Requirement
Copy out the data below from the line containing "鰻と洋食、どちらにしようかと" to the line containing "Anello a fascia", both lines included, with all images left out.

Top of Exercise inputs

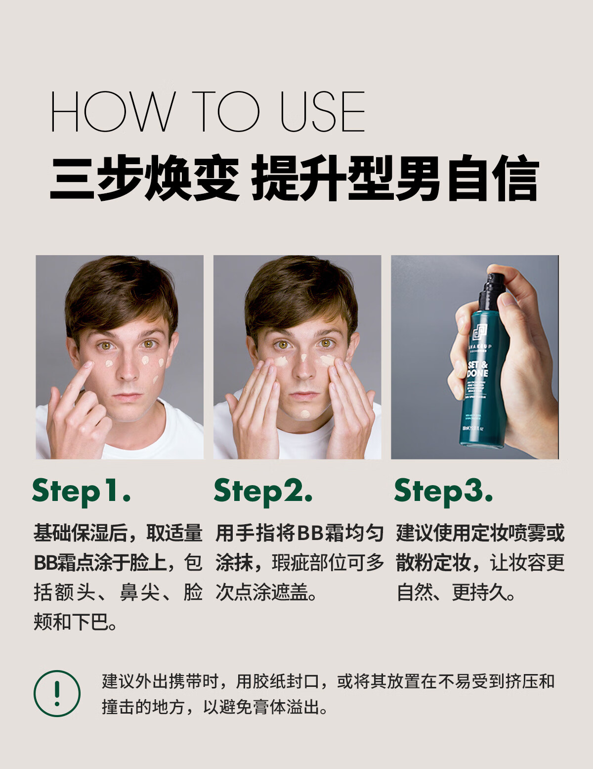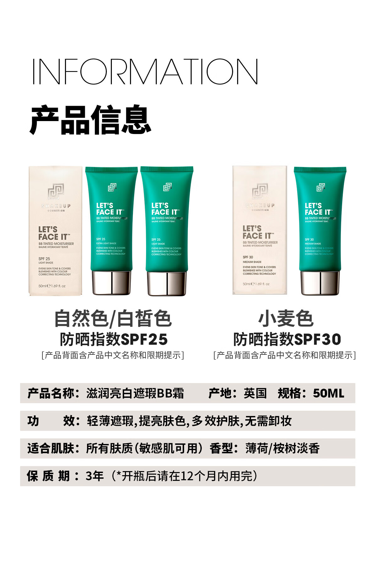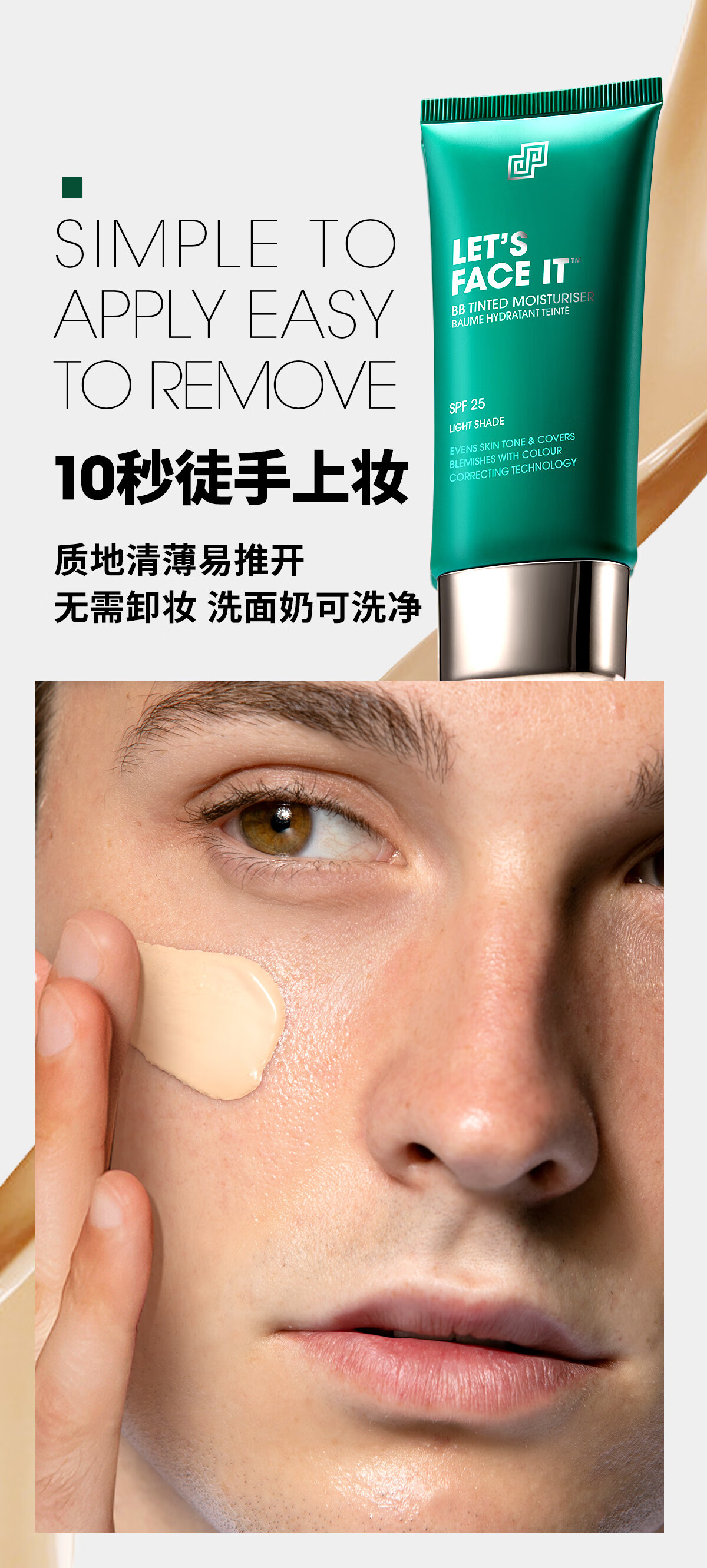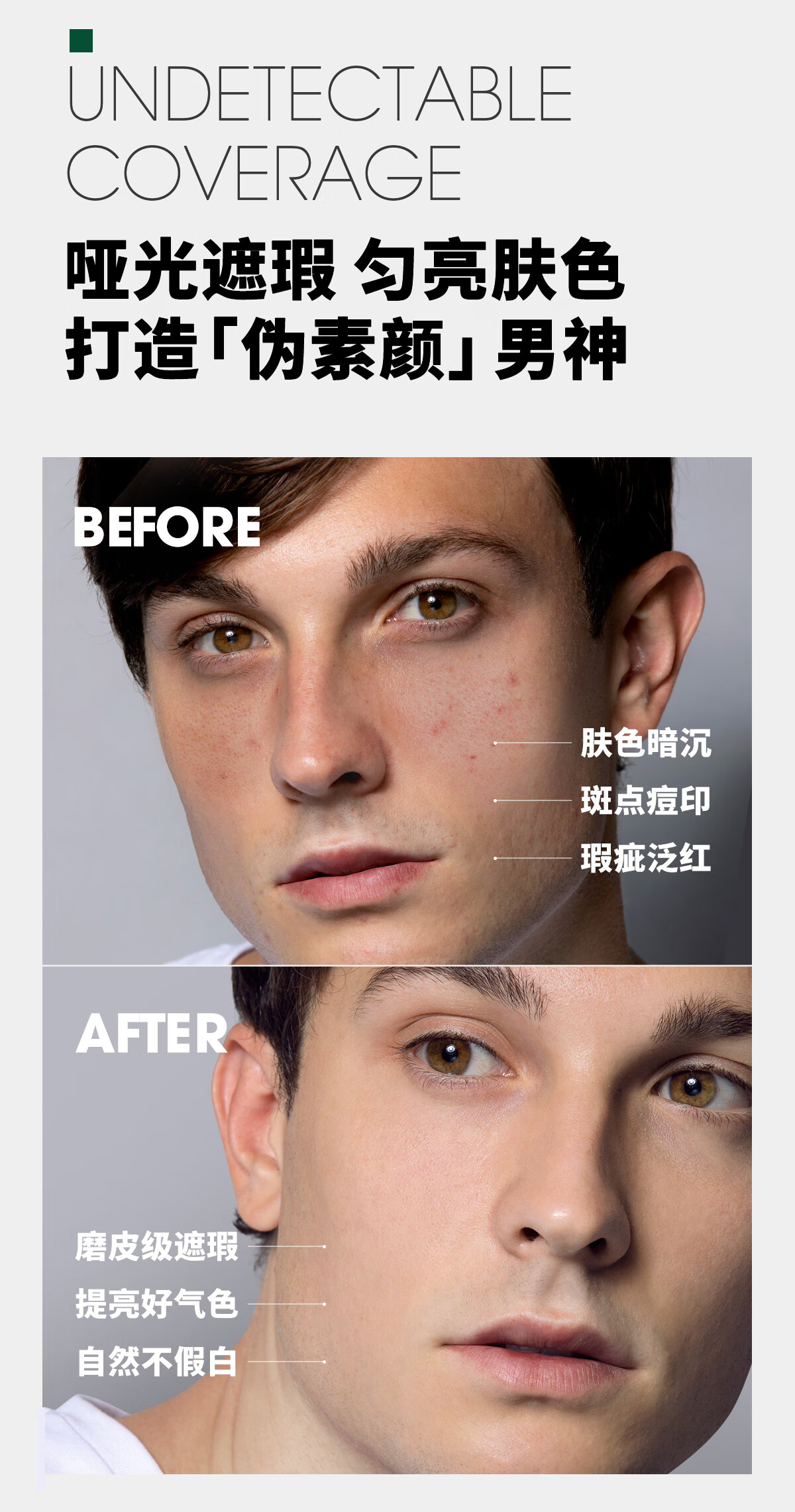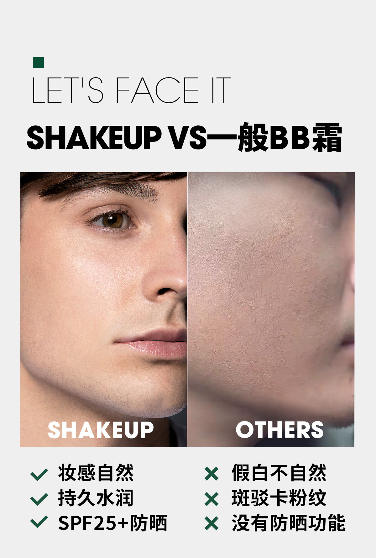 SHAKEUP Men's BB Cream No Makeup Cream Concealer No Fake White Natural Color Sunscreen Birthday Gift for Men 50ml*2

Bottom of Exercise inputs
Top of Exercise inputs

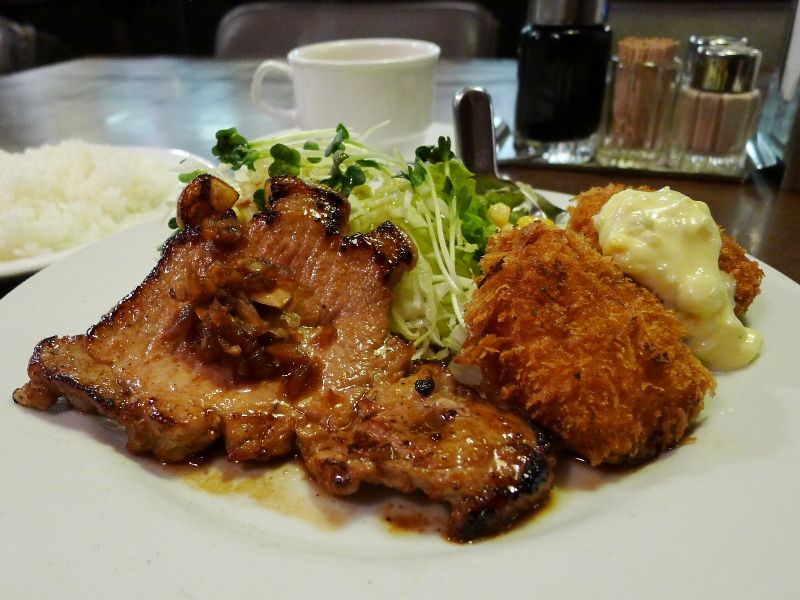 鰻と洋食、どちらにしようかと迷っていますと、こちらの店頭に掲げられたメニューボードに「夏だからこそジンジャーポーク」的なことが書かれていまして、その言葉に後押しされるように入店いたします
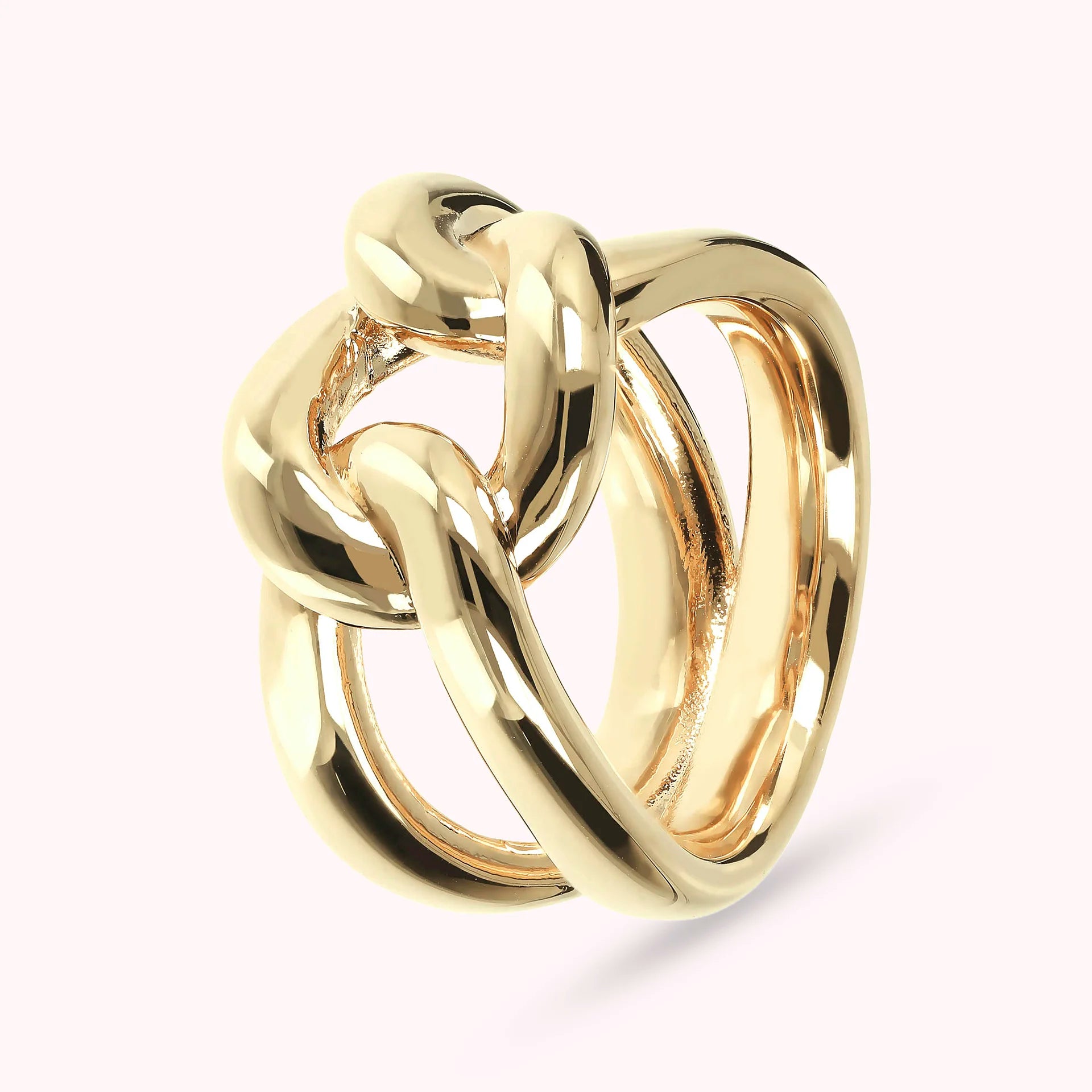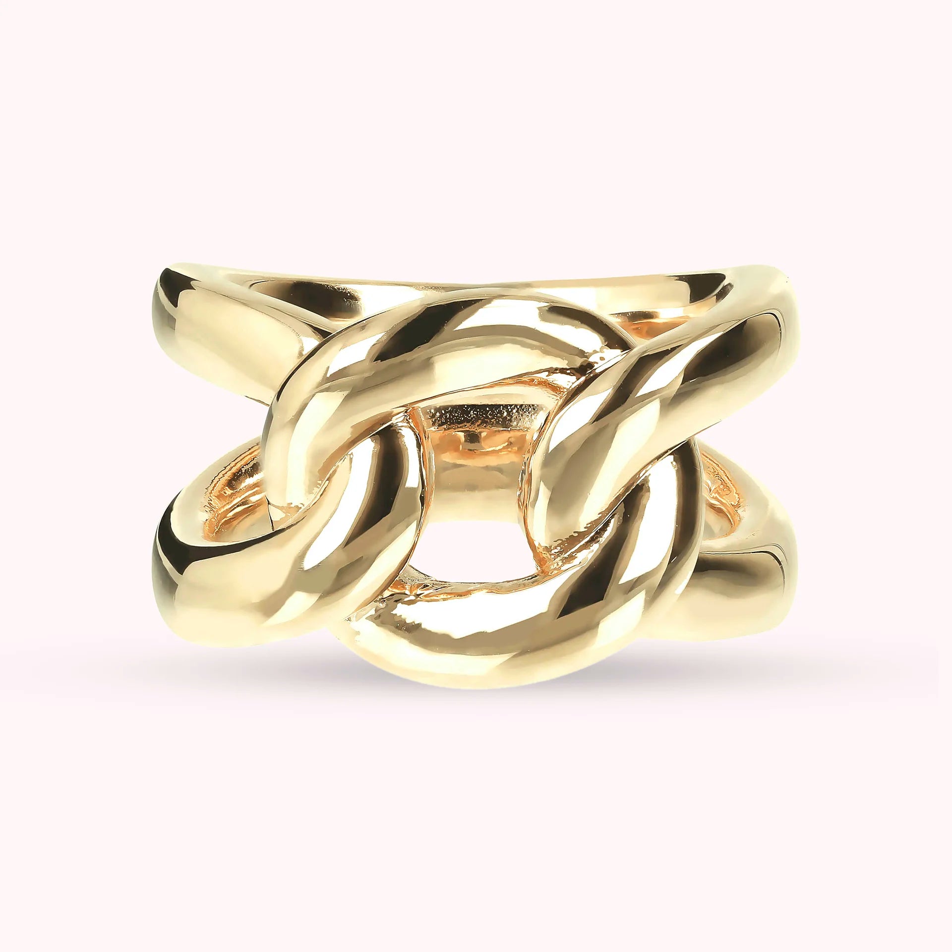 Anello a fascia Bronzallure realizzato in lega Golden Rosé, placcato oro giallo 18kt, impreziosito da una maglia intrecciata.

Bottom of Exercise inputs

Answer section
 鰻と洋食、どちらにしようかと迷っていますと、こちらの店頭に掲げられたメニューボードに「夏だからこそジンジャーポーク」的なことが書かれていまして、その言葉に後押しされるように入店いたします
 Anello a fascia Bronzallure realizzato in lega Golden Rosé, placcato oro giallo 18kt, impreziosito da una maglia intrecciata.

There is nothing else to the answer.